The potential for meniscal healing is also dependent on its location with peripheral zone tears having superior healing potential [20, 21]. This has been attributed to the vascular anatomy proposed by Arnoczky and Warren [1]. Not all meniscal tears require repair as some can heal spontaneously [16, 25]. A lower number of lateral meniscus tears in chronic ACL tears were reported by Nikolic. This was attributed to the healing of small tears [25].

Similar to other studies, false-positive and false-negative tears were mostly in the posterior horns of the meniscus [6, 29]. It was highlighted by Sharifah et al. [29] that the oblique course of the posterior horn relative to the coronal and sagittal MR images could have been a possible cause.

MR imaging has a sensitivity of 70.5 % and specificity of 84.1 % when used to diagnose cartilage injuries. In comparison, the sensitivity quoted by other published studies ranged from as low as 0 % to as high as 94 % [2, 23, 31], while the published specificity is between 97 and 100 % [2, 31]. The wide variation in results is due to the location, size and depth of the lesion, along with the MR imaging sequence, field strength and contrast agent [10, 15, 18].

In a meta-analysis summarised by Smith et al. [30] MR imaging while resulting in high specificity has poorer sensitivity when used to diagnose cartilage disease. Additionally, higher-field-strength MR imaging machines are superior to lower-field-strength equipment and higher-grade lesions are easier to detect than lower-grade ones. The study by Figueroa et al. [13] had an MR imaging sensitivity of 45 % and specificity of 100 %. It was also highlighted that a considerable number of lesions will remain undetected until arthroscopy. The utility of MR imaging in diagnosing cartilage injuries has been concluded to be more doubtful than in diagnosing meniscus tears [23].

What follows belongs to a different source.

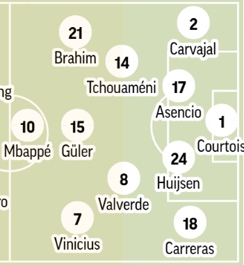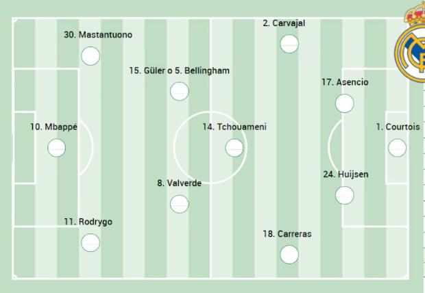 Xabi Alonso seguirá rotando, pero con cabeza. Huijsen apunta a volver a la titularidad, dejando un hueco para Militao o Asencio, o para los dos, si descansa Carvajal. Fran García sigue amenazando a Carreras con una rotación, mientras que Arda Güler volverá al once tras disfrutar de un merecido descanso. Camavinga, Bellingham, Brahim o Rodrygo también podrían disfrutar de una titularidad.

It has been shown by the present study that most false readings for cartilage were for injuries in the medial femoral condyle and medial patella facet in contrast to the findings by Disler et al. [9] (Table 4). It was reported in their study that the lateral tibial plateau resulted in the most false readings for cartilage injuries. Like us, it has been concluded by many authors that MR imaging is not able to replace arthroscopy as a diagnostic tool, but may be used as a tool for exclusion due to its high specificity [13, 14].

The present study confirms that medial meniscus injuries are more common than lateral meniscus injuries in ACL-deficient knees. In addition, more than 30 % of ACL-deficient knees had tears in both menisci, emphasising the importance of careful inspection of both menisci during surgery. According to the present study, age is a significant positive factor affecting the diagnostic accuracy of MR imaging for medial meniscus tears. MR imaging has also been found to have poorer accuracy in the detection of tears in the lateral meniscus. It may be prudent to include this information when counselling patients preoperatively.

One limitation of this study is the assumption of arthroscopy being the gold standard for confirmation. The direct visualisation of a tear is confirmation of the injury, but it is still surgeon dependent [19, 27]. The second limitation is that we reviewed all patients who had their surgery within 3 months of their MR imaging. Ideally, it would be better if the time from MR imaging to surgery was less than 6 weeks. However due to our referral pattern, the waiting time till surgery is approximately 2–3 months. Having 6 weeks as a criterion would leave a sample size that is too small to evaluate.

Finally, there was no control group used. The analysis of diagnostic accuracy of MR imaging in detecting menisci and chondral injuries in patients without ACL injury would have been possible with a control group of ACL-competent knees.

Conclusion

MR imaging remains a reliable tool for assessing meniscal tears and cartilage defects preoperatively. It is most accurate for evaluating medial meniscal tears and least accurate for lateral meniscal tears.